Los plateros hacen obras de arte con la plata. Cuando uno quiere conseguir una buena bandeja de plata la tiene que pulir hasta que en ella se pueda ver el rostro del platero y del comprador.
Cada uno de nosotros es plata, oro, diamante, pero en bruto. Si queremos que los demás vean el rostro de Dios y el nuestro, tendremos que labrarnos, pulirnos o, mejor dicho, dejar que el Señor nos labre y nos saque brillo.
Dios quiere formar parte de nuestra vida y desea ardientemente que crezcamos en su conocimiento y amor. Para crecer en Jesús necesitamos dejar vía libre al Espíritu, “no extinguir el Espíritu”(1 Ts 5,19), “no entristecer al Espíritu” (Ef 4,30), “permanecer llenos del Espíritu” (Ef 5,18).
El crecimiento en la vida espiritual se ve en la práctica. Por los frutos conocemos los árboles. Por los frutos del Espíritu: amor, alegría, paz, generosidad, comprensión, fidelidad, bondad, mansedumbre y dominio propio (Gá 5,22-23), veremos la vida del Espíritu en nosotros. A medida que éstos crecen y echan raíces en la persona, se alejan, como por arte de magia, idolatrías, impurezas, odios, discordias, iras, envidias, divisiones... (Gá 5,19-21).
Hay dos maneras de pensar en el ser humano: con la mentalidad de Dios o con la mentalidad del mundo; vida del espíritu o vida de la carne. No es fácil separar la tiniebla de la luz. La gracia y el pecado forman parte de nuestra existencia. Pero a medida que uno u otro predomine, se viva en Dios o en el mundo, así surgirán las obras.
Dios lo penetra todo, lo invade todo. Y cuando entra, su gracia va transformando al ser humano.
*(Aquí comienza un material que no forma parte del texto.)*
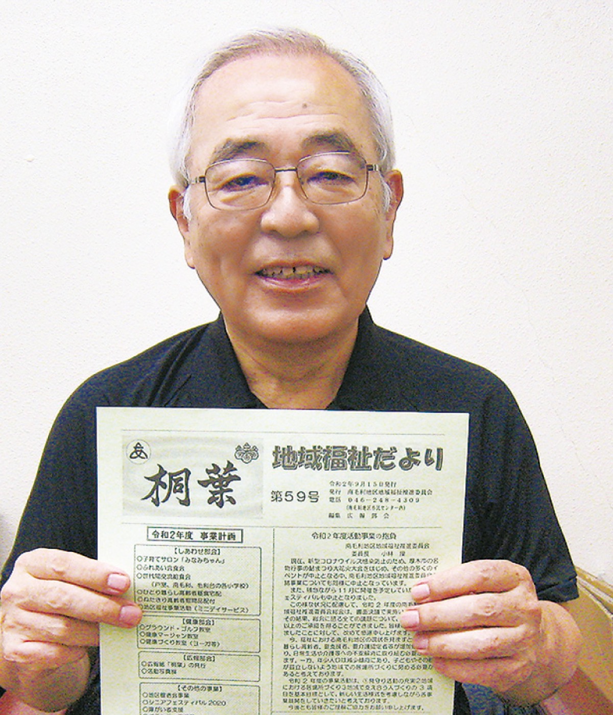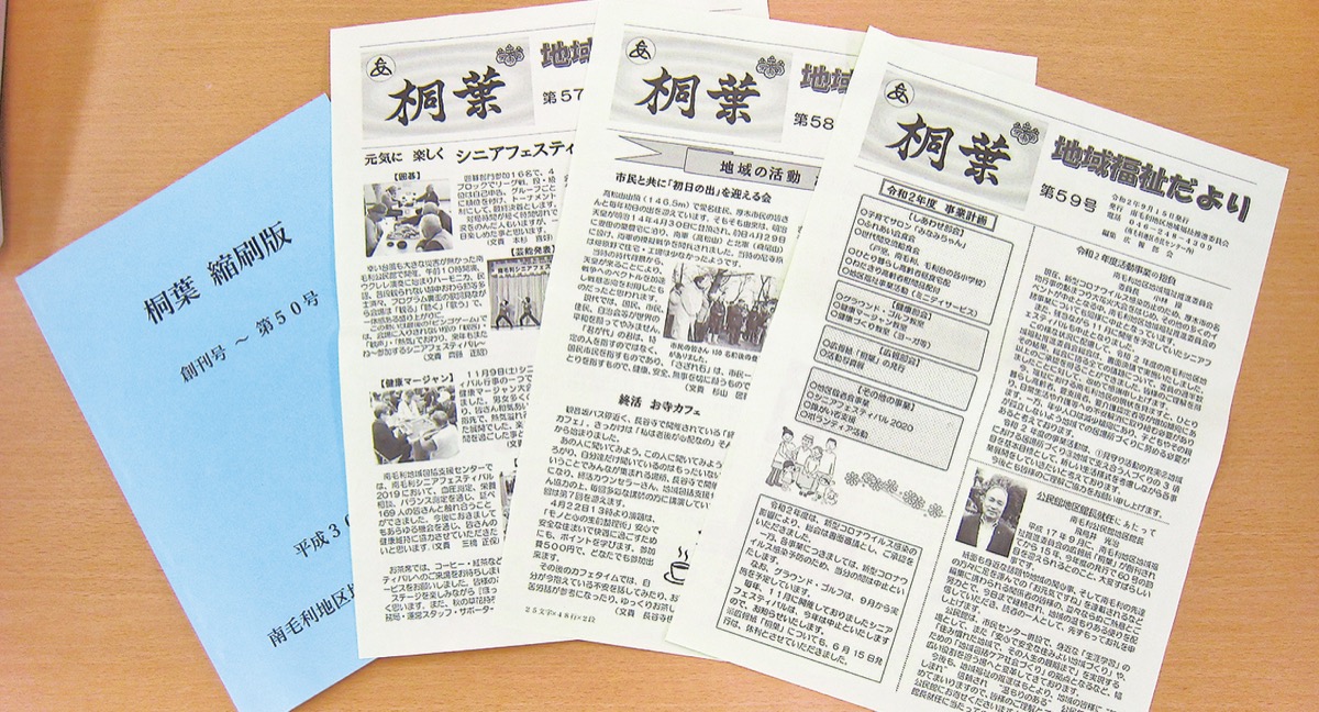 ▽南毛利地区地域福祉推進委員会の広報部会が発行している地域福祉だより『桐葉』は、2005年9月15日に創刊。以来、15年にわたり年4回、地域住民に福祉情報を発信し続けている。18年3月15日には節目の第50号を発行。同年5月にそれまでの全号を編纂した冊子『桐葉縮刷版 創刊号〜第50号』も発行した。本来なら今月15日の発行号が60号になるはずだったが、新型コロナウイルスの影響で活動を自粛したため、今年6月の発行を止めたため、節目の号は12月に持ち越しとなった。「これまで多くの人が編集に携わって続いてきた。その人たちみんなに感謝です」と、現在の委員長の小林操さんは話す。
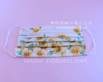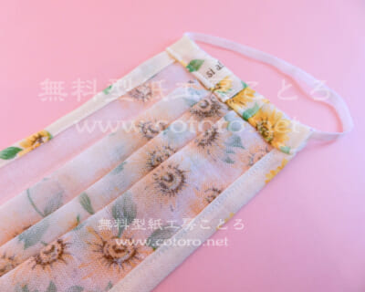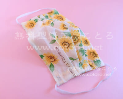 鼻の部分にワイヤー(ノーズフィッター)が入っています(省略可能)。このヒマワリの布はハンカチ(さらし・手ぬぐいのような生地)をリメイクしたのですが、折り目が付きやすいく(=プリーツが作りやすく)縫いやすかったです。
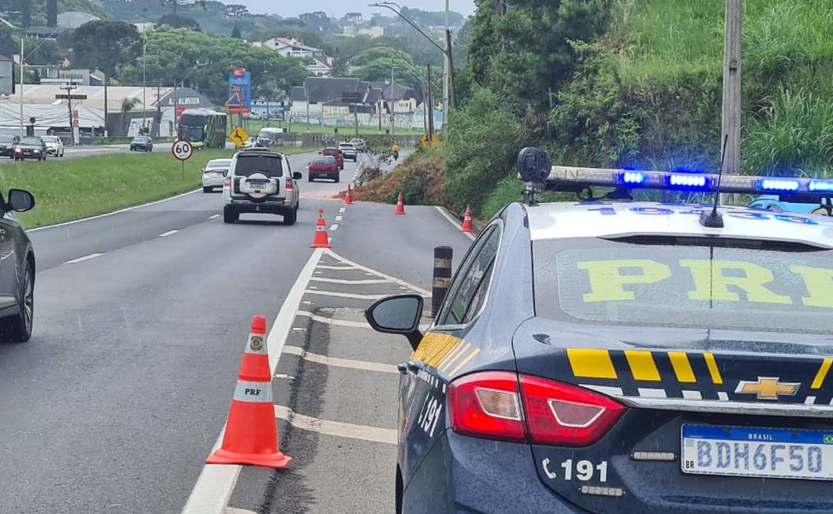 O deslizamento de terra atingiu uma alça de acesso da rodovia e afeta o trânsito de quem chega a Curitiba. A área foi isolada e a PRF orienta o trecho.
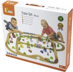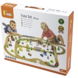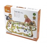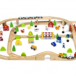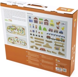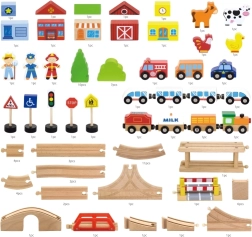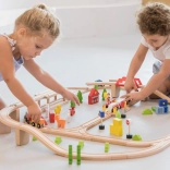 Acest circuit de tren din lemn, complex, oferă copiilor tot ce au nevoie pentru a-și construi propria lume în miniatură. Datorită celor 90 de piese, micii constructori pot combina diferite forme de șine, poduri și intersecții, pot adăuga mijloace de transport, figurine și elemente naturale. Lemnul natural, în combinație cu culorile puternice, are un aspect atemporal și stimulează percepția senzorială.

De un ser egoísta, atado al dinero y al placer, se pasa a depender de Dios y a vivir para los demás, a tener entrañas de misericordia para con los necesitados, a sembrar justicia, paz y bondad en los ambientes.
Para nosotros, seres terrenos, es imposible vivir la vida de Dios sin su gracia. Pero todo es posible para Él y para quien cree y ha puesto su confianza en el Padre. Es necesario, pues, creer en el Señor más que en los criterios mundanos, dejarse llevar por Él y no por la corriente del mundo, vivir con Él y de Él. Cristiano es aquel que deja a Dios ser Dios, aquél que permite vivir a Cristo para poder decir como Pablo: “Ya no vivo yo, es Cristo quien vive en mí” (Gá 2,20). Y cuando vive Cristo en nosotros, los rostros de Dios y del prójimo se hacen visibles y cercanos.
Los cristianos no sólo hemos de seguir a Jesús, sino que hemos de vivir la vida de Jesús. El Espíritu es “dador de vida”, nos transforma en Cristo y nos da el poder de “nacer de nuevo” cada día.